• **Data extract**:
----

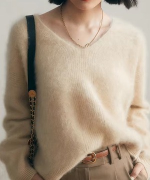 ベルベットタッチ◆ V ネックセーター【t-10758】
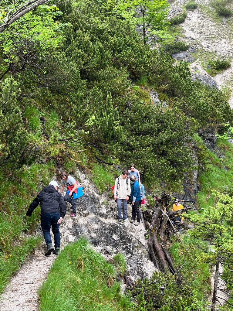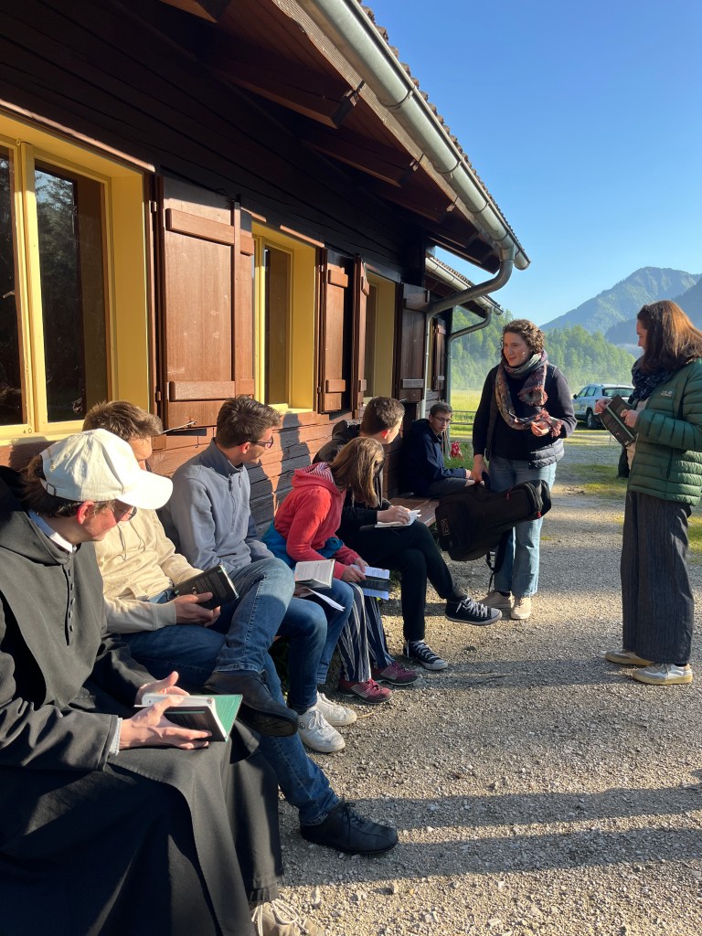 Der Samstagvormittag stand ganz im Zeichen der Stille: Nach der üblichen Laudes und dem Frühstück machten wir uns auf dem Weg zu einem Wasserfall um dort unter Anleitung von P. Anselm einen Vormittag der Stille mit lectio divina zu verbringen. Nach dem Mittagessen wagten sich einige in den sehr „frischen“ Almsee, während andere die Gelegenheit nutzten, mit dem Ruderboot hinauszufahren.
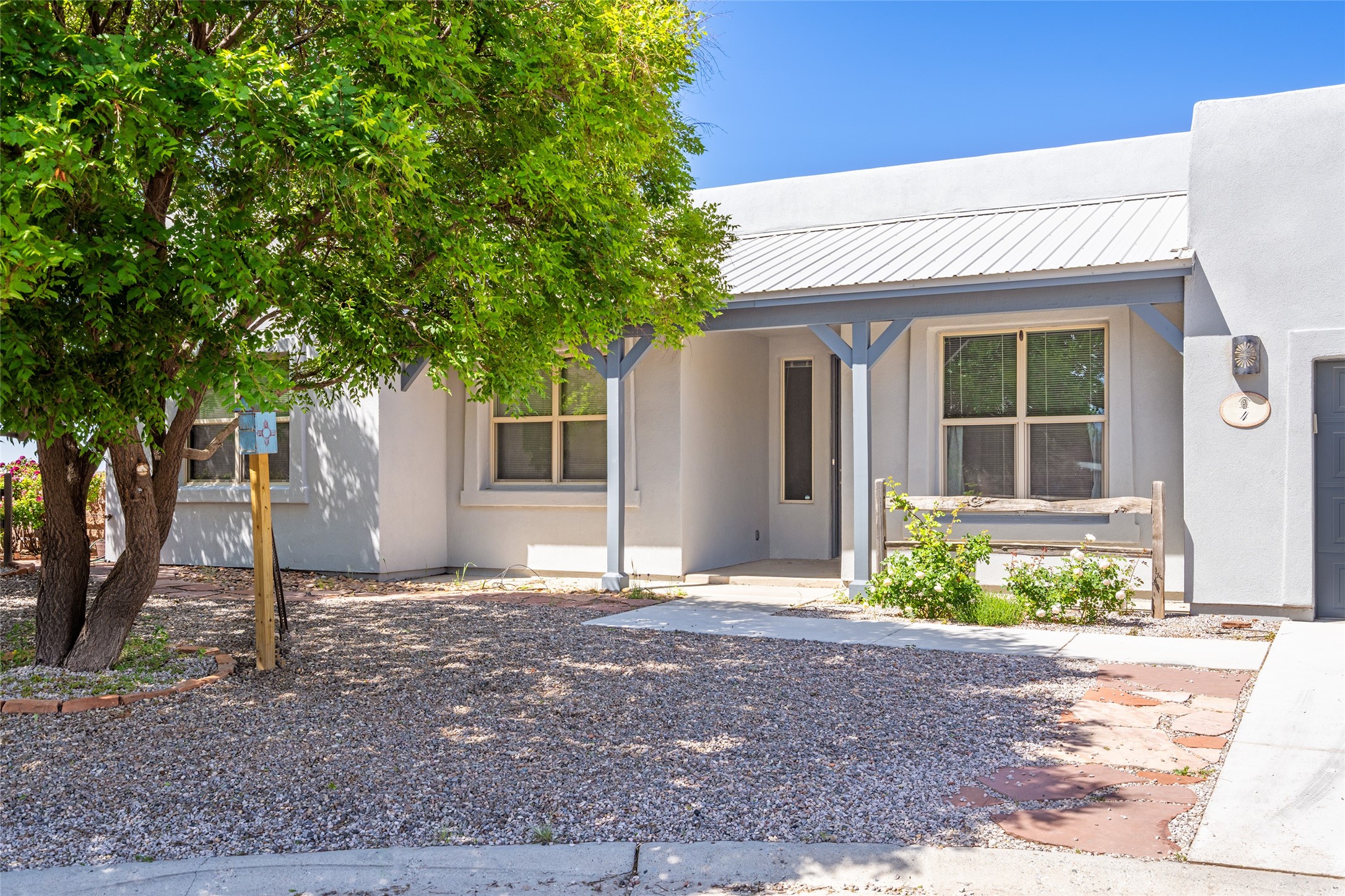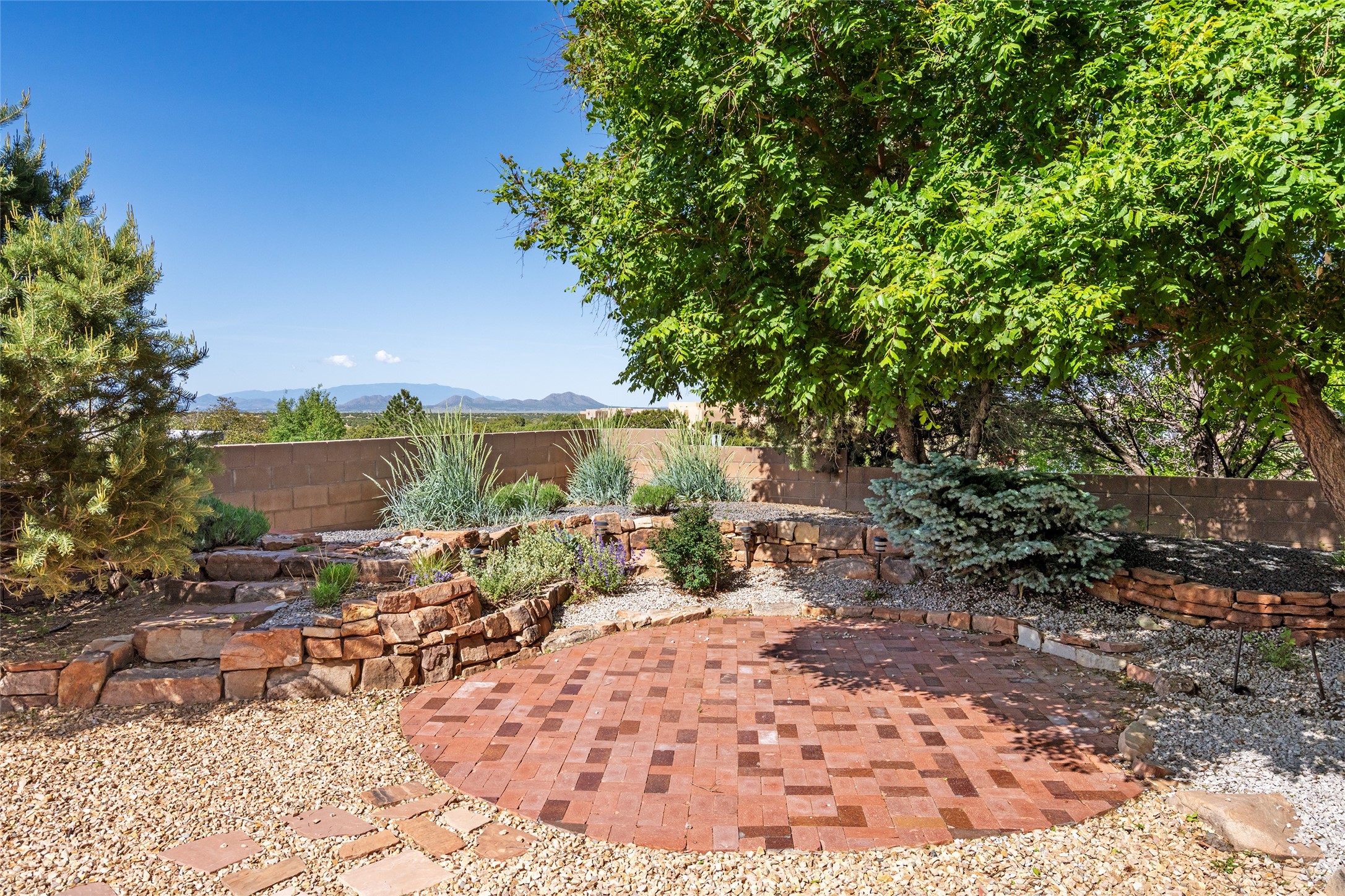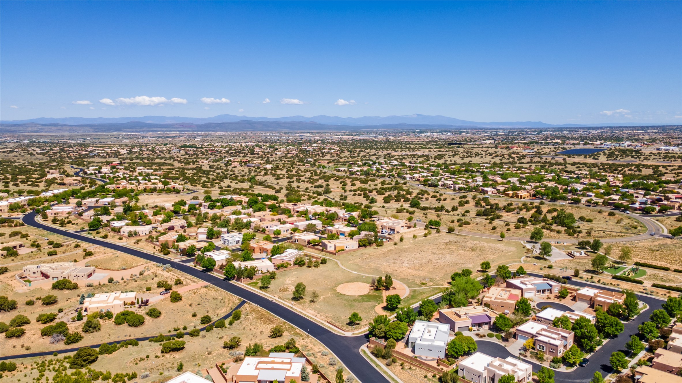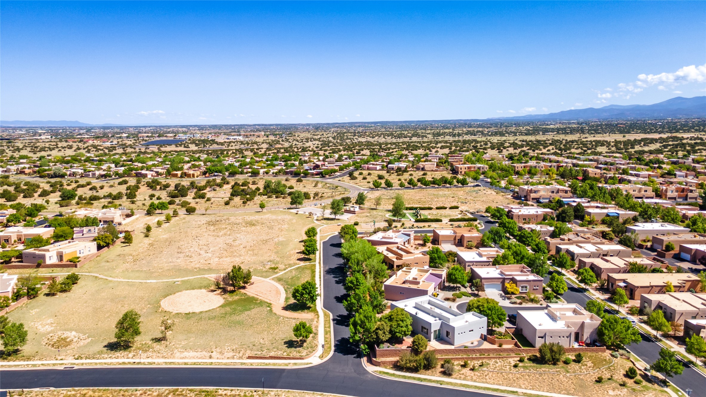 Enjoy panoramic views of the Ortiz and Sandia Mountains from this beautifully maintained single-level home in the sought-after community of Rancho Viejo. Thoughtfully designed for comfort and versatility, and painted to exude a contemporary flair, this open-concept residence features stylish tiled floors, a cozy kiva wood-burning fireplace, and abundant natural light throughout. The private primary suite is a true retreat, offering a fully updated bathroom with a stunning tiled walk-in shower, dual vanities, and a spacious walk-in closet. On the opposite side of the home, two additional bedrooms share a well-appointed guest bath--one of which makes an ideal home office or creative space. A flexible den just off the main living area provides additional options as a media room, formal dining space, hobby area, or second office--customize it to suit your lifestyle. Outside, the beautifully landscaped lot showcases native plants, mature trees, flowering rose bushes, and lovely flagstone patios and stone walkways. With no neighbors directly behind the home and views of a large community park and estate lots, the setting offers peace, privacy, and an exceptional sense of space. Rancho Viejo is a vibrant community offering over 15 miles of paved walking trails, several community parks, and well-maintained open spaces--all just 20 minutes from the Santa Fe Plaza. Dining, shopping, and daily conveniences are just minutes away. Don't miss the opportunity to own this serene and stylish home with unmatched views--schedule your showing today!

----

Here the job is to output the lines from the top of the listing through the line holding "Der Samstagvormittag stand", word for word and without pictures.

• **Result of this task**:
 ベルベットタッチ◆ V ネックセーター【t-10758】
 Der Samstagvormittag stand ganz im Zeichen der Stille: Nach der üblichen Laudes und dem Frühstück machten wir uns auf dem Weg zu einem Wasserfall um dort unter Anleitung von P. Anselm einen Vormittag der Stille mit lectio divina zu verbringen. Nach dem Mittagessen wagten sich einige in den sehr „frischen“ Almsee, während andere die Gelegenheit nutzten, mit dem Ruderboot hinauszufahren.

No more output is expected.